Chief Ursula von der Leyen, who is in the United States for the United Nations General Assembly, answered questions from Princeton University students and lecturers on Thursday evening (22/09/2022). The topic of the rule of law and the Polish National Reconstruction Plan appeared there (). Von der Leyen explained that the KPO is a type of agreement between the European Commission and the Polish government (signed in June), which also includes the conditions of the rule of law.
“But what I feared is happening.” The Polish government does not want to change the laws in the way we set out in our agreement to restore the independence of the judiciary. And that is why we cannot and will not withdraw any money – declared von der Leyen.
The head of the European Commission admits that the suspension of the KPO creates a politically difficult situation, because the Polish government spreads the narrative that “Eurocrats from Brussels do not want to give us the money we deserve, because we help refugees from Ukraine so much”. – It’s a mixture of two things that have nothing to do with each other. It is amazing how Poles opened their hearts and their homes to refugees. Fantastic Polish hospitality! But this is separate from the agreement we have with the government that we will only pay out when it carries out the reforms we agreed to, von der Leyen explained.
The Polish KPO is EUR 22.5 billion in subsidies and EUR 12.1 billion in cheap loans, and the government may apply to Brussels for the remaining 22 billion loans to which it is entitled to Brussels no later than in 2023. When Brussels approved the Polish KPO, it was estimated that Poland – after meeting milestones and other conditions – could receive around EUR 2.8 billion in subsidies already in the third quarter of this year, and EUR 3 billion and EUR 2 billion in the first and third quarter of 2023, respectively. year. However, any disbursements from the KPO are blocked by the rule of law “milestones”.
Already at the beginning of July, Von der Leyen publicly indicated that the judicial “Duda’s Act”, as the reform proposed by the Polish president in Brussels is called, does not solve the problem with the EU test of judge’s independence, which is a requirement of the Polish KPO. In fact, the presidential draft just before the parliamentary votes contained solutions that the European Commission could swallow. However, they were removed as part of a compromise between the president, representatives and the center of Minister Zbigniew Ziobro, who played hard to water down the law.
Poland is not giving up KPO, although some PiS politicians want it
This week, the European Commission signed a KPO financial agreement with the government, which will complement the EU Council’s June decision (EU governments) approving the Polish National Reconstruction Plan. In addition, officials from the European Commission and Poland are still working on several hundred-page “operational arrangements”. determine the technical method of verifying the achievement of the goals set out in the KPO.
For Brussels, all this is a clear confirmation that Warsaw is “not withdrawing from the Reconstruction Fund”, although this is publicly demanded by some prominent PiS politicians. However, neither the financial agreement nor the operational arrangements with Poland represent any progress in achieving the rule of law with the KPO.

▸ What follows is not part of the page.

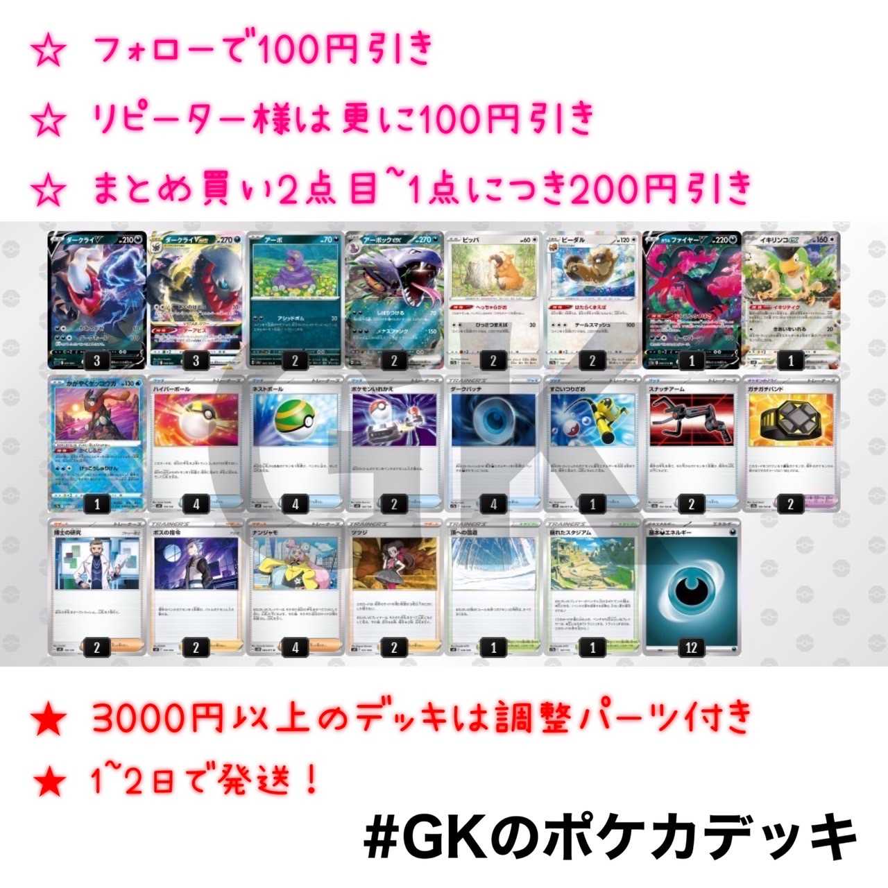 ダークライVSTARアーボックex優勝ポケモンカード構築済みデッキ

On the other hand, the June approval of the KPO by the EU Council (supplemented by a financial agreement) allows Poland to incur legal financial obligations (“programming”) under the KPO. As a result, Warsaw is in a better position than Hungary without an approved KPO, as much as 70 percent. money must be programmed by the end of this year or else it will be lost. Currently, Poland is not threatened with this, although payments for the implementation of programmed reforms and investments will be made only after this implementation is verified by Brussels – by 2026 at the latest.
What about cohesion policy? The European Commission wants guarantees regarding the KPO
The Polish government is now also negotiating with Brussels to approve cohesion policy programs. KPO is part of the total pool of around EUR 130 billion of subsidies for Poland in the EU’s seven-year budget (2021-2027). At the end of June – with a delay, but within the standard framework – agreed with Brussels a “partnership agreement” necessary to spend the largest part of subsidies, i.e. EUR 76.5 billion from the cohesion policy fund, but now the negotiations have gone down to the level of specific programs for Poland .
The rules of the current seven-year EU budget for the first time so unambiguously require that all spending from the common coffers of the Union is in line with the EU Charter of Fundamental Rights. That is why the European Commission wants Polish programs under the cohesion policy to include some form of guarantee that EU funds, e.g. in the future, they will not be exposed to financing investments in “LGBT + free zones”.